As you say, it's going to be a stressed joint. I think if I was doing this I would make up the frame joint as strong as possible, and a spline sounds a good option. Or possibly two thinner splines with a gap between (to allow for the other fixing). For the round upright I think I would try a crossdowel in the upright and a bolt from inside the frame. You might even be able to angle it a little to get the dowel itself into the meatier part of the upright. The bolt will allow you to pull the joint very tightly together. The adhesive depends a bit on what timber you are using. If it is hard/not very absorbent I wouldn't use a PVA. Perhaps PU or even epoxy.
 
Well clever, that one....I'm wondering whether small dowels would be good enough in a domestic situation such as a couch though?
John :)
 
I would use dowels and glue, then reinforce everything with brackets in the inner hidden points.
 
Well clever, that one....I'm wondering whether small dowels would be good enough in a domestic situation such as a couch though?
John :)
Yes that's what thinking.

That was more or less exactly what I was going to do, but with dowels. Part of me is saying that if everything is nice and tight and glued up properly, then it should not come apart because there is no allowance for movement.

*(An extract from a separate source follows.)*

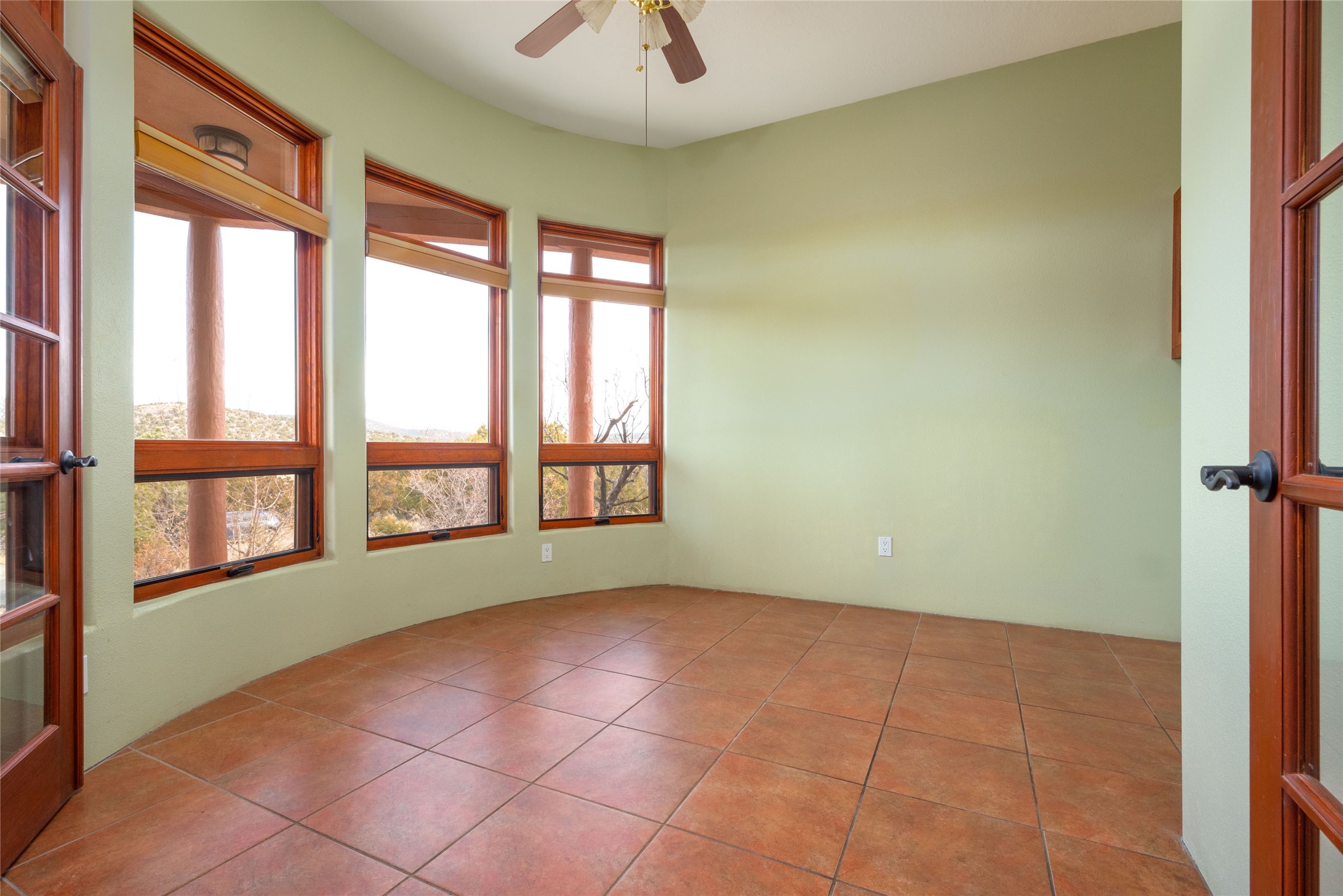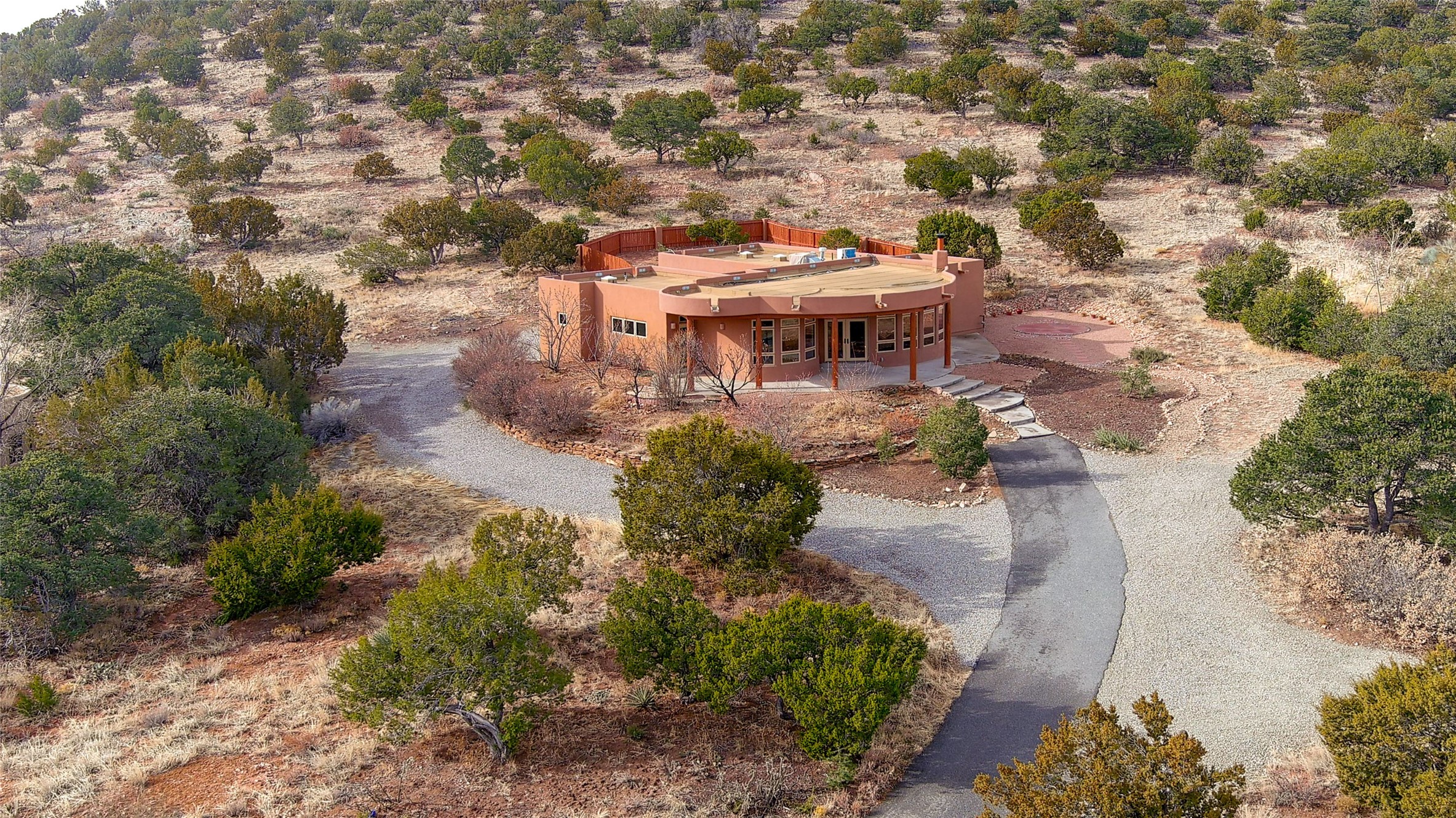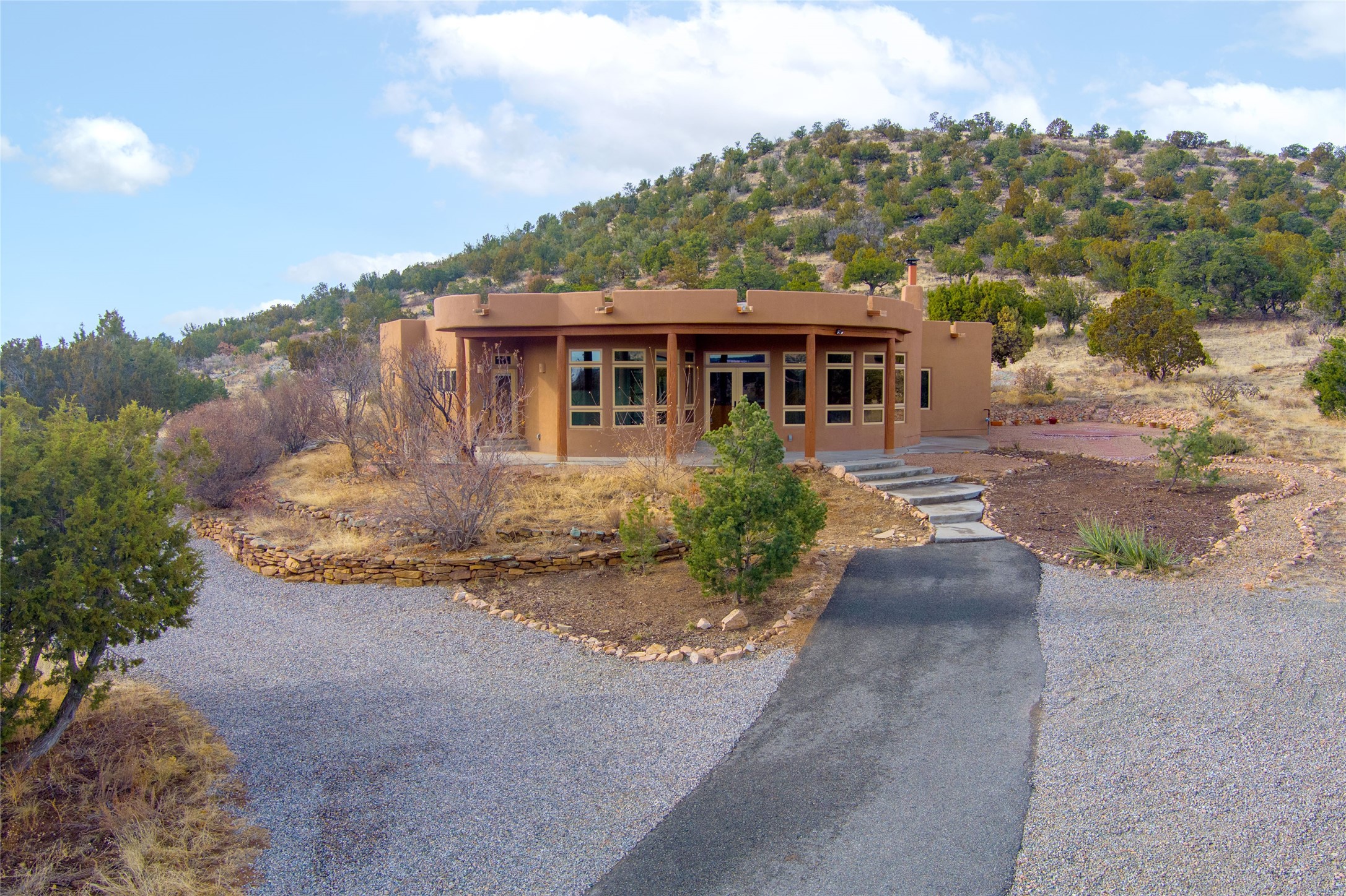 This stunning 2 bedroom, 1 office/bedroom, 2 bath home sits on a premier view lot in the sought after DosGriegos Subdivision, offering breathtaking mountain and foothills views. Designed for privacy,the house is hidden from the street and features a large office, wall of windows, an open floorplan, a plaster kiva fireplace, radial vigas, tile flooring, and solid pine doors. The spaciouskitchen boasts cherry cabinetry and a large walk in pantry. A formal office off of the great roomprovides inspiring views. The oversized garage provides space for hobbies or a workshop andan enclosed dog run/yard adds convenience. With paved roads, community water, fire hydrantsfor lower insurance, and no HOA dues, this high quality 2006 built home offers comfort,seclusion and views. Schedule a showing today!

But the part of me that typically does the over thinking is saying it needs something longer or of metal going up the vertical piece.
 
Thanks for that. If I could do a "like" and a "thanks" I would.

I must have looked for hours for a name of the joint and an example.

My plan was to make the joint with the square sections first, than router them to make the round and the rounded pieces before gluing them up.

Do you think those dominos are stronger than dowels? I certainly won't be buying a domino router, but that's sent me in new directions for alternatives.
 
Yes that's what thinking.

That was more or less exactly what I was going to do, but with dowels. Part of me is saying that if everything is nice and tight and glued up properly, then it should not come apart because there is no allowance for movement. But the part of me that typically does the over thinking is saying it needs something longer or of metal going up the vertical piece.
For sure, reinforcing the vertical piece is a good move, but that will only transfer any force to one of the other joints - failure will find the weak spot!
John :)
 
my thoughts
if you can move the dowel perhaps 75-100mm away from the mitre you will have the opportunity to have the choice for 2 joints giving the best you can get with the interaction area being the maximum rather than in your drawing with a dowel being about 30% face contact and only half depth [1/3-1/6th ]possible strength between dowel and mitre also detracting from the mitre by perhaps 20%
where as a dowel inserted all but 10mm into a hole or mortice will give maximum strength with say 20% loss eventually when the glue lets go with wear and tear
where as an open dowelled or biscuit joint will loose perhaps 70-80% off strength and resistance to active load
 
Don't feel restricted to wooden joints.
Many designers incorporate metal work in their joints. What makes it work is the quality of the craftsmanship.